Dia menjelaskan bahwa orang tua dapat membuat avatar untuk anak-anak yang sakit parah, tetapi karena pengguna tidak ditanyai tentang keadaan mereka (wawancara pengumpulan data dengan peserta umumnya otomatis), dia mengatakan dia tidak tahu apakah ada yang cocok dengan profil ini.

READ  Klip audio: Konferensi Pers Mingguan (Georgia Tech)

Aku bertanya-tanya apa yang akan dibuat almarhum ayahku dari semua ini. Ketika dia masih hidup, dia menolak berbicara tentang masa kecil yang sulit di India, keengganan yang tampaknya menjadi bagian penting dari keberadaannya. Meminta avatarnya untuk membocorkan rahasia, bahkan jika dia telah setuju untuk memberikan informasi sebelumnya, akan terasa sedikit salah.

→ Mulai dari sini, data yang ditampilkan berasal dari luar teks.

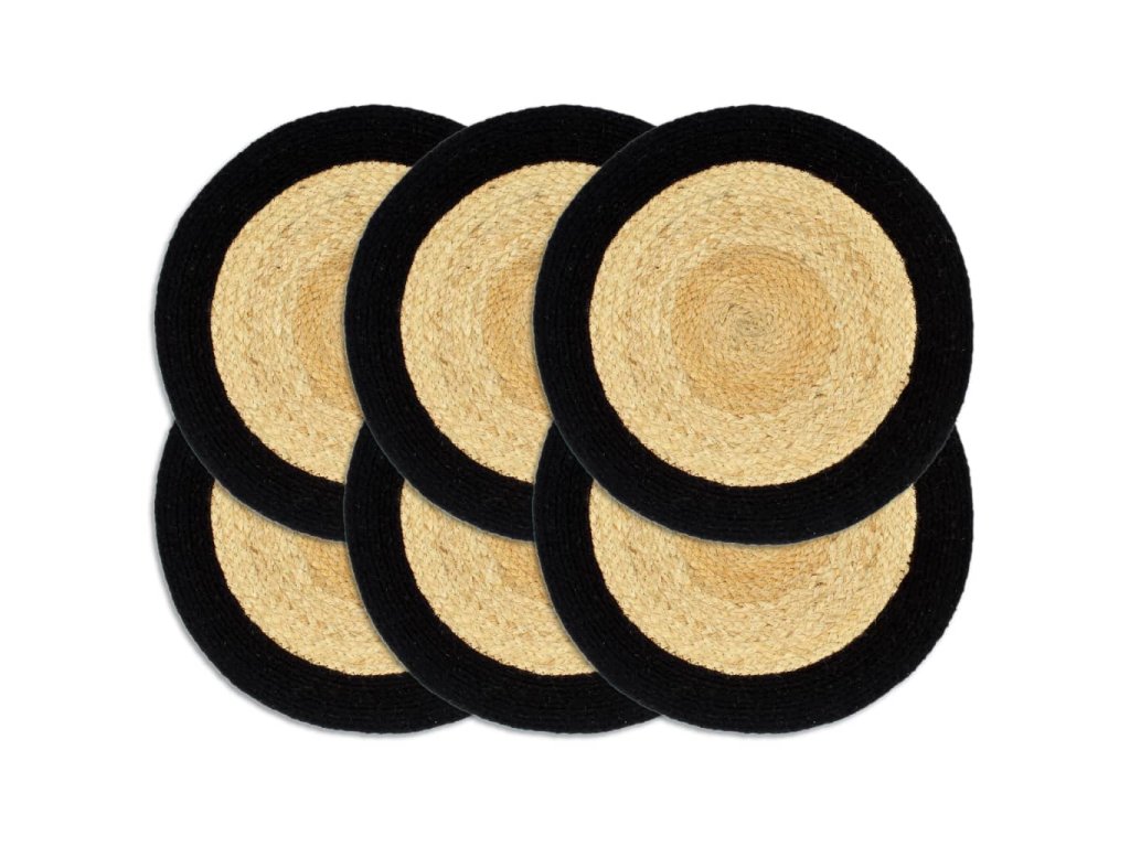 Prostírání 6 ks přírodní a černé 38 cm juta a bavlna 133857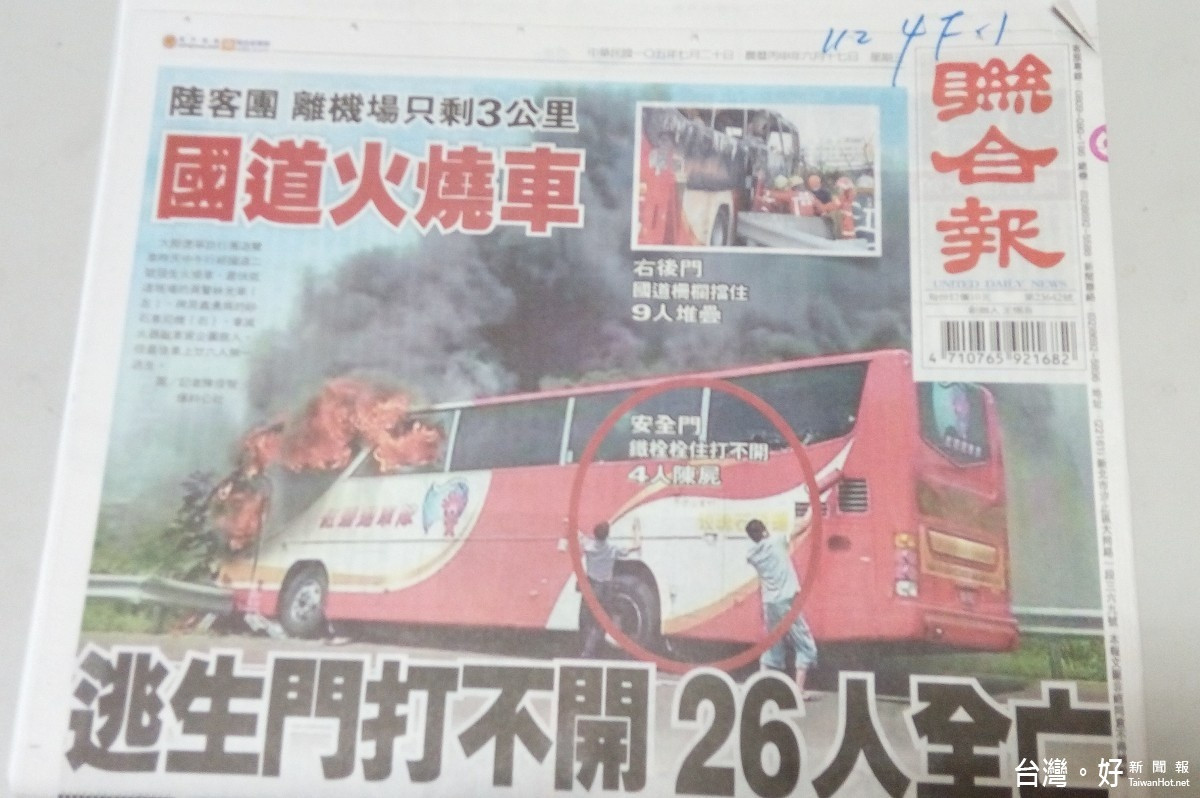 一輛搭載廿四名大陸遊客的遊覽車,昨天中午行經國道二號前往機場途中,在離機場僅剩三公里時,車頭開始冒煙,撞擊護欄後起火,遊客及駕駛、導遊等廿六人都沒逃出,命喪車上;多人堆疊在安全門及走道上,慘不忍睹。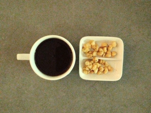 アパートに戻って、コーヒーとトウモロコシで休憩している様子です。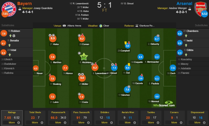 Arsenal hành quân tới Allianz Arena bằng sự tự tin cao độ nhờ phong độ ấn tượng tại Premier League và chiến thắng 2-0 trước chính Bayern cách đây 2 tuần. Tuy nhiên, thầy trò huấn luyện viên Arsene Wenger đã không thể lường hết sức mạnh ghê gớm của “Hùm Xám”.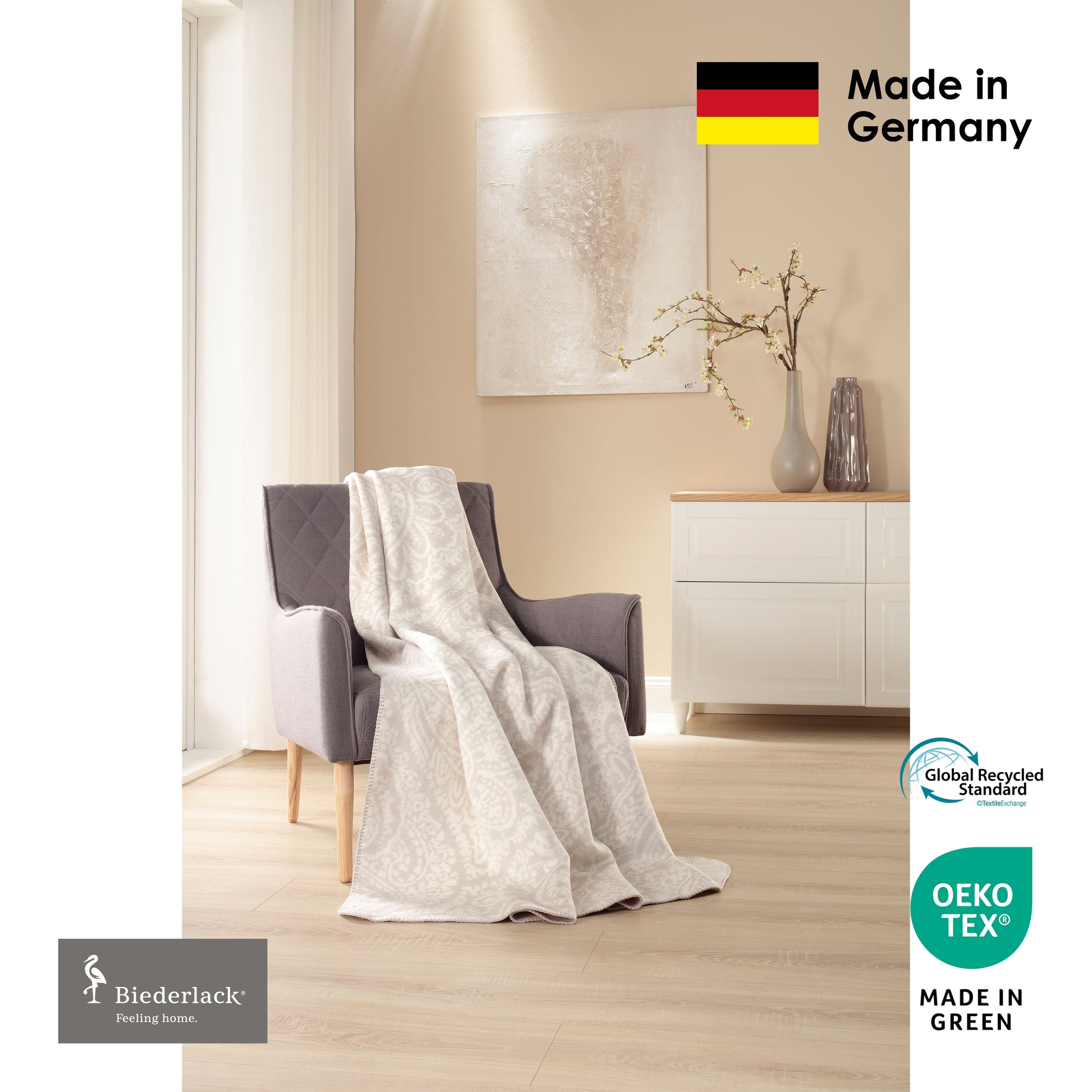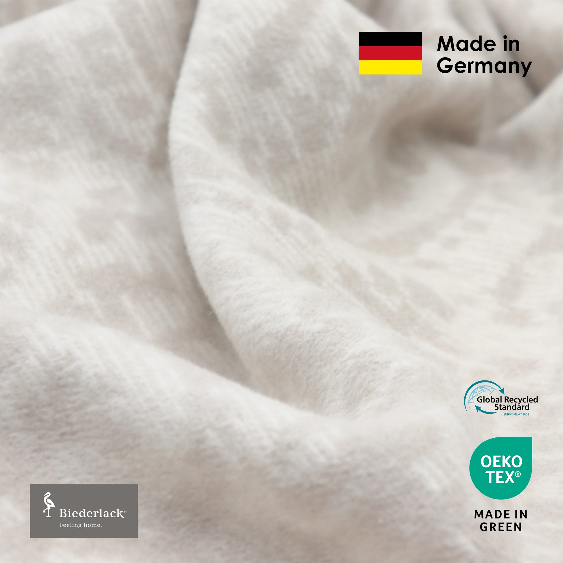 We start from raw materials, cotton, fibers, etc., slowly twist them into yarn and then weave and shear them into a blanket that customers can enjoy. All processes are completed at the Greven factory in Germany, Biederlack ensures the best quality and protects the environment.

Chatbot yang dapat berbicara dengan meyakinkan dari luar kubur mungkin merupakan langkah alami — atau tidak wajar — selanjutnya bagi beberapa keluarga. Tapi, kata Salman, yang kehilangan ayahnya ketika dia berusia 15 tahun dan kemudian meninggal saat lahir, “[grief tech] Ini mengingatkan kita akan pentingnya memprioritaskan percakapan dan hubungan dengan orang-orang terkasih sebelum mereka meninggal.”

Tip ini — bahwa tidak ada waktu seperti saat ini untuk menghargainya dan mengobrol dengan orang terdekat dan tersayang — terasa seperti hadiah di musim liburan ini.